7

EDIT

@Remus corrected my test pattern. You can see the corrected version on his answer below.

I took the suggestion of replacing the INT with DECIMAL(29,0) and the results were:

Decimal: 2133
GUID: 1836

Random inserts are still winning, even with a fractionally bigger row.

Despite explanations that indicate random inserts are slower than sequential ones, these benchmarks show they are apparently faster. The explanations I'm getting aren't agreeing with the benchmarks. Therefore, my question remains focused on b-trees, sequential inserts, and speed.

...

I know from experience that b-trees have awful performance when data is added to them sequentially (regardless of the direction). However, when data is added randomly, best performance is obtained.

This is easy to demonstrate with the likes of an RB-Tree. Sequential writes cause a maximum number of tree balances to be performed.

I know very few databases use binary trees, but rather used n-order balanced trees. I logically assume they suffer a similar fate to binary trees when it comes to sequential inputs.

This sparked my curiosity.

If this is so, then one could deduce that writing sequential IDs (such as in IDENTITY(1,1)) would cause multiple re-balances of the tree to occur. I have seen many posts argue against GUIDs as "these will cause random writes". I never use GUIDs, but it struck me that this "bad" point was in fact a good point.

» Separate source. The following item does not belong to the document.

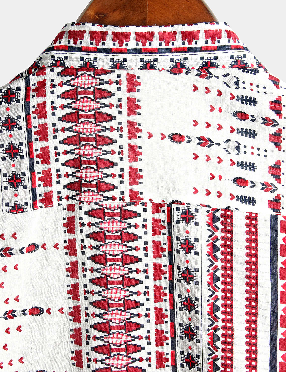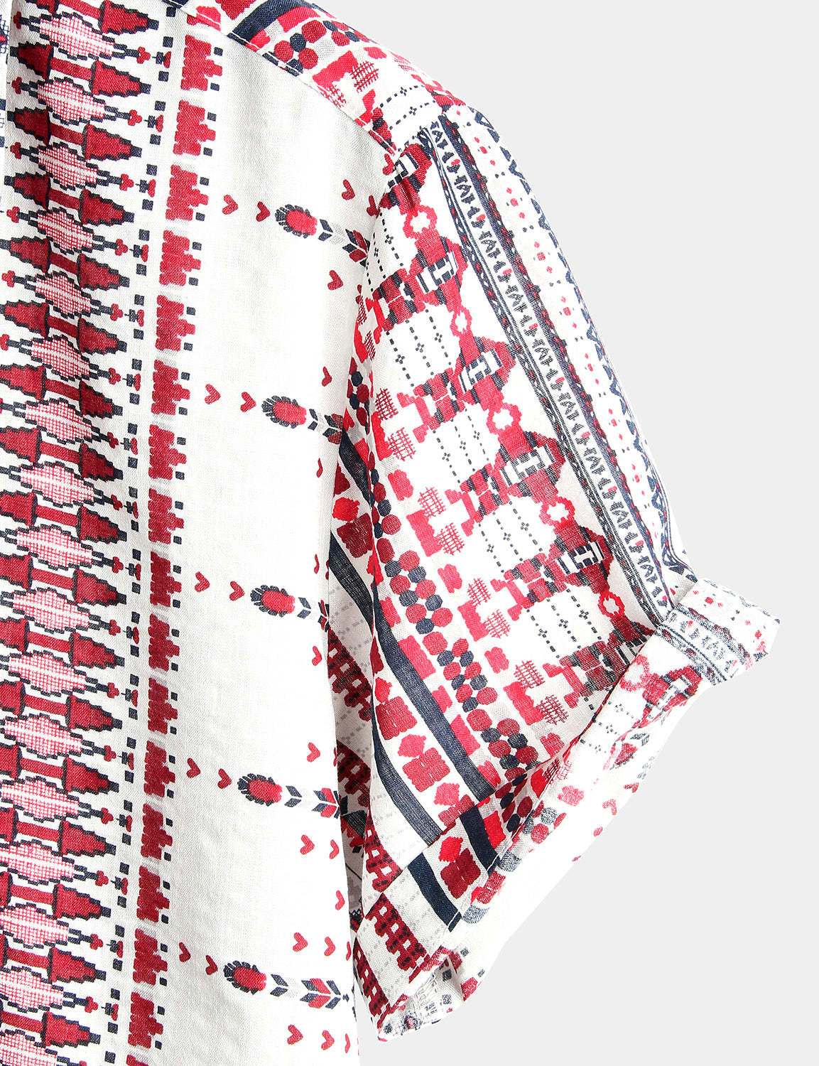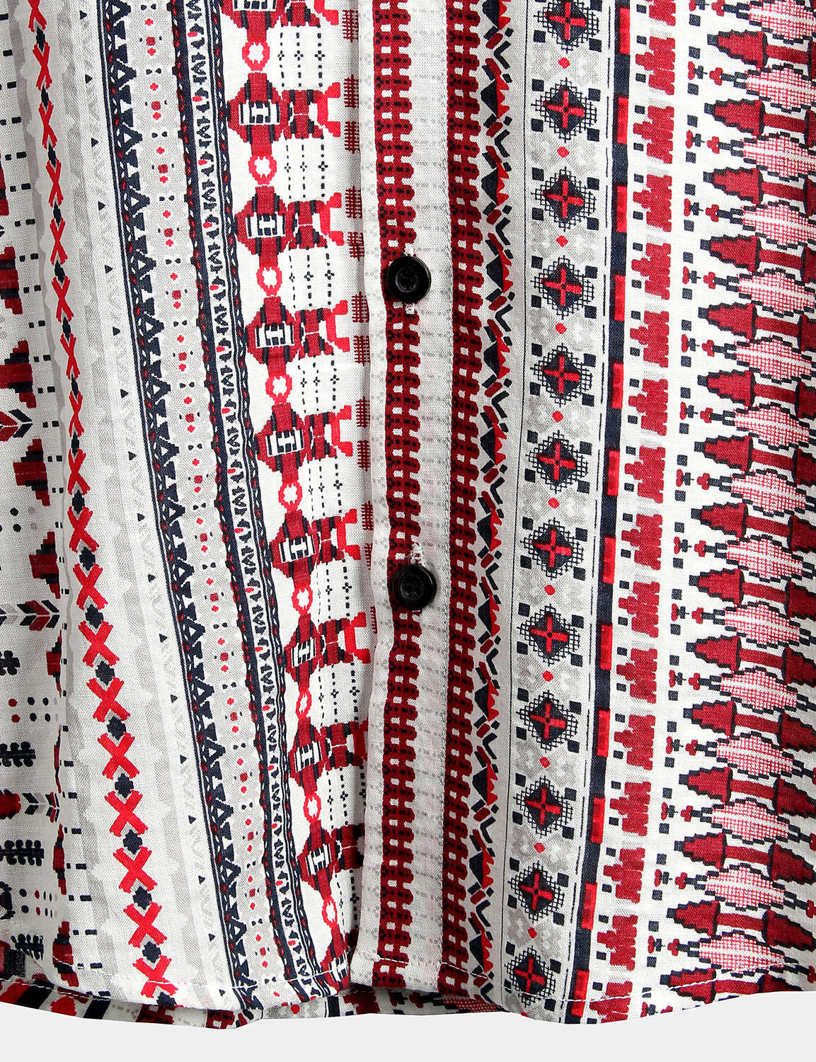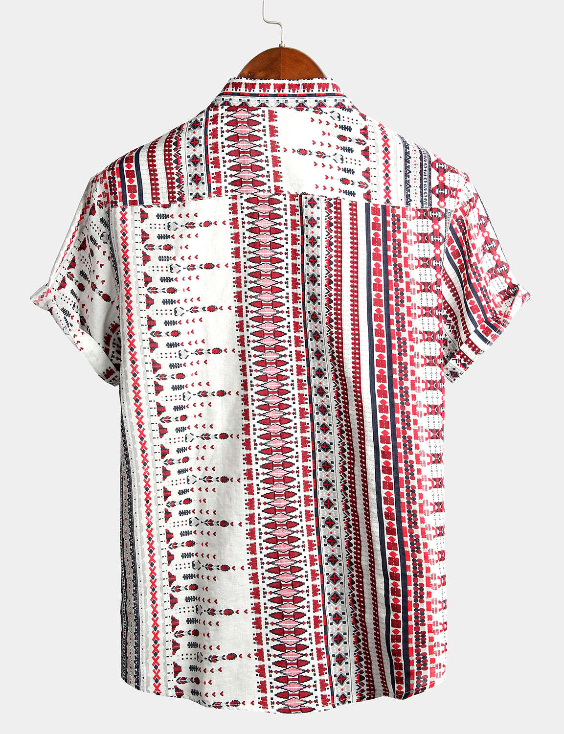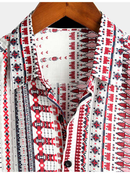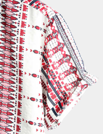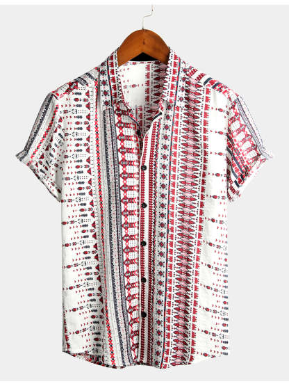 Men's Vintage Cotton Hawaiian White and Red Striped Beach Short Sleeve Shirt

So I decided to test it. Here is my code:

SET ANSI_NULLS ON
GO
SET QUOTED_IDENTIFIER ON
GO
CREATE TABLE [dbo].[T1](
    [ID] [int] NOT NULL
 CONSTRAINT [T1_1] PRIMARY KEY CLUSTERED ([ID] ASC) 
)
GO

CREATE TABLE [dbo].[T2](
    [ID] [uniqueidentifier] NOT NULL
 CONSTRAINT [T2_1] PRIMARY KEY CLUSTERED ([ID] ASC)
)

GO

declare @i int, @t1 datetime, @t2 datetime, @t3 datetime, @c char(300)

set @t1 = GETDATE()
set @i = 1

while @i < 2000 begin
    insert into T2 values (NEWID(), @c)
    set @i = @i + 1
end

set @t2 = GETDATE()
WAITFOR delay '0:0:10'
set @t3 = GETDATE()
set @i = 1

while @i < 2000 begin
    insert into T1 values (@i, @c)
    set @i = @i + 1
end

select DATEDIFF(ms, @t1, @t2) AS [Int], DATEDIFF(ms, @t3, getdate()) AS [GUID]

drop table T1
drop table T2

Note that I am not subtracting any time for the creation of the GUID nor for the considerably extra size of the row. The results on my machine were as follows:

Int: 17,340 ms GUID: 6,746 ms

This means that in this test, random inserts of 16 bytes was almost 3 times faster than sequential inserts of 4 bytes.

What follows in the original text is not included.